Gary Keller would’ve been horrified if he witnessed me prepare this review. You see, his bestseller The One Thing admonishes we hyper-focus by eliminating distractions and zeroing in on our most crucial activity (singular), but during several attempts to pick and choose from some 20 sections I’d flagged, there were texts pinging, phones ringing, stock tickers dinging, and Verizon sales reps slinging, with yours truly winging away. No irony was lost as I worked on distilling the essence of this 225-page paperback down to a few paragraphs, taking probably three times longer than it should have because of – as the Grinch would say – all the noise noise noise noise noise. With no Whos down in Whoville to blame, I applied Keller’s advice and merely time-blocked: a couple quiet, early morning hours set aside to knock this assignment out. That it took so long to recognize I’d been doing the exact opposite of a just-read-and-revisited book’s theme was, shall we say, illuminating.

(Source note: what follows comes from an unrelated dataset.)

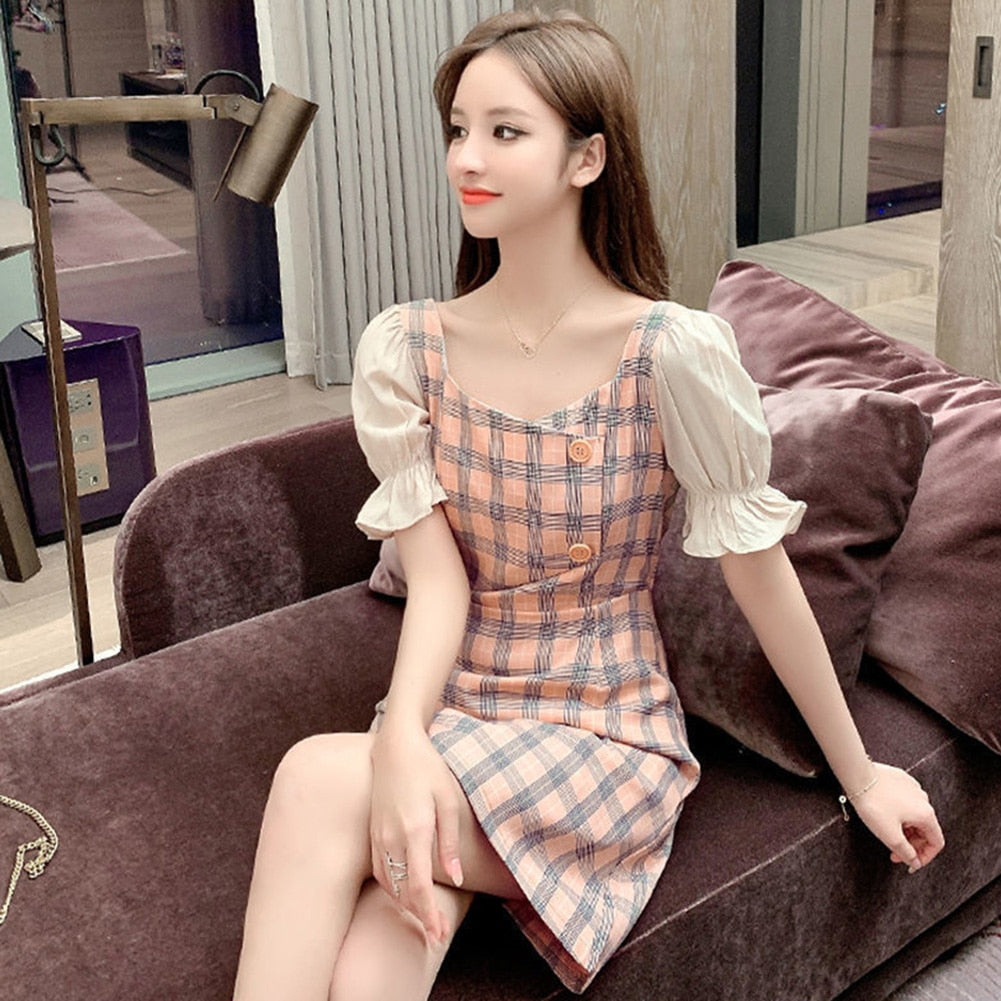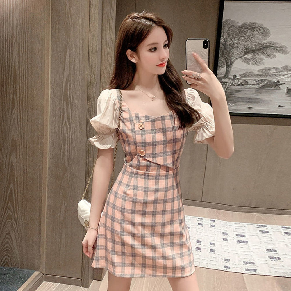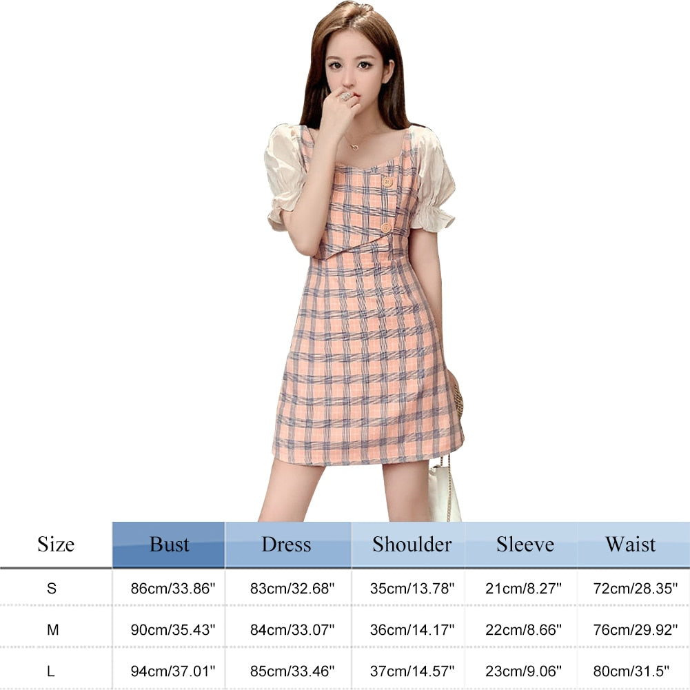 Fashion Plaid Pattern Puff Sleeve Dress Korean Women Elegant Chiffon Square Collar Splicing Chiffon Ruffles A-line Dress

The book abounds with takeaways, some serving as “yeah, no shit, Sherlock” reminders with other parts much fresher. Sure, you know you’ve got to work on saying no to stuff that in weak moments you’ve agreed to (and then kicked yourself repeatedly), and as outlined under the clever heading Much To-Do About Nothing it’s suggested we stop with all the box-checking busy work and keep a far shorter “should do” list. Done. What gives the reader pause is this Keller challenge: “What’s the one thing I can do such that everything else will be easier or unnecessary?” Drink that in. Can you answer it? Odds are the survey says… BZZZZT! Most of us don’t know how to address what is called The Focusing Question, but Jerry Seinfeld does. The comedian’s “one thing” is to write jokes every single day. He keeps an old school wall calendar and once the funny stuff goes from his head to the page, he gets to draw a big red X through that day’s square. Seinfeld can then take a cruise in one of his sports cars or write more jokes, but the obsessive pattern is this: never break the chain. “The system is designed to bring your biggest goal to the now and simply focus on making the next X.” Got it?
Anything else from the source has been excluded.